Reshuffling the viral deck: Resistance to drugs and vaccines

However, despite over a decade of research, an actual cure remains an unmet challenge in the battle against AIDS. Many factors make vaccine and drug development difficult, including the virus’ rapid replication rate ⁶⁰. Compared to the replication of the human genome during cell division, RNA viruses, like HIV, copy their genetic material in an extremely error-prone manner. In fact, it is faulty enough that one mutation can occur each time the virus replicates⁶⁶. One mutation may not seem like much, but since HIV can produce 1-10 billion new virions a day, favorable mutations aren’t very hard to achieve statistically in its small genome⁶⁷. In fact, these numbers mean that every base pair in the viral genome can be mutated in a day. Further, any treatment can exert selective pressure on the viral population, pruning away weaker variants and leaving only the hardiest viruses left over to replicate further⁶⁷. Given all of this, it’s easy to see that making a vaccine or drug would be difficult, since HIV’s genetic code is so inherently unstable.

A second impediment to vaccine development, similar to mutation, is that different HIV strains can recombine to further increase the variability of their genetic makeup^60,68. This happens because HIV, unlike other viruses, has two copies of its RNA genome⁶⁹. Normally they are identical, but if a cell is infected simultaneously by more than one HIV, then some virions can actually inherit two RNA strands that originally come from different viruses.
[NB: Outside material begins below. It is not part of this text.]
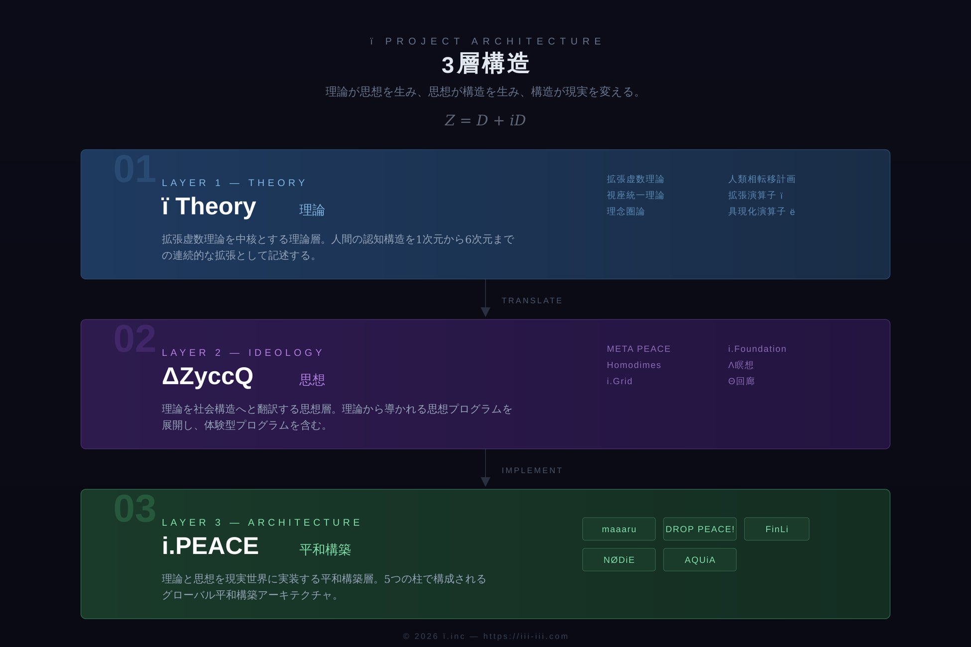 本プロジェクトの特徴は、平和を「願い」や「理念」にとどめず、独自の理論体系から導かれる「設計可能な構造」として実装する点にあります。その全体は、理論(ï Theory)・思想(ΔZyccQ)・平和構築(i.PEACE)の3層で構成され、構造式 Z = D + iD のもとで有機的に接続されています。

When these recombined viruses then replicate, their reverse transcriptase can skip between the two strands when making its DNA copy, allowing genetic sequences from two viruses to be recombined into a single strand⁷⁰. Since antibodies are usually specific to a given genetic sequence, either source of variation can quickly eliminate the single site to which an antibody would bind, rendering a vaccine useless.
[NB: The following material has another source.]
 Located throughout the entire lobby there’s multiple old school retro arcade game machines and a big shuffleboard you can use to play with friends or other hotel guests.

Another obstacle is that scientists still do not fully understand what kind of immune responses might limit the virus’ growth. Clearly, one way to answer this question might be to study immune responses in individuals who remain HIV-negative even after being exposed to the virus many times (see more on this below)⁶⁰. However, even in these cases it is often unclear whether these immune responses are actually preventing infection or if they are the left-over reactions to viral infections that did not take hold⁶⁰. In other words, it’s hard to know whether the virus failed to successfully infect the body, or the immune system actively prevented it from doing so. Additionally, the fact that the virus can integrate itself into its host cell’s genome (where it consists of just a DNA sequence, without translated protein) means that it can avoid antibodies directed at viral proteins⁶⁰. As mentioned above, the virus is invisible in this form to the immune system⁶⁰.

Natural Immunity?

A glimmer of hope in the effort to develop an HIV vaccine came with the discovery of a group of prostitutes in Nairobi, Kenya, who, despite repeated exposure to HIV through their work remained uninfected⁷¹. Scientists guessed that this was due to a large number of “anti-HIV” immune cells stimulated by repeated exposure to the virus⁷¹. Thus, trials began to develop “multi-vaccine” treatments that mimicked repeated exposure to HIV by “boosting” the initial vaccine with a second injection at a later date⁷². However, the ultimate results in clinical trails reported in 2004 proved disappointing⁷³. Additionally, some of these immune prostitutes have developed AIDS upon leaving the sex-trade industry, leading to further uncertainty about this phenomenon^71-73.

Comprehension Questions:
1. What makes an antiretroviral different from a vaccine?
2. What is one way in which an antiretroviral compound can inhibit HIV, on the molecular level?
3. What components of the HIV virus can be used as a vaccine? Why might an unenveloped virus not be as effective as an enveloped virus for this application?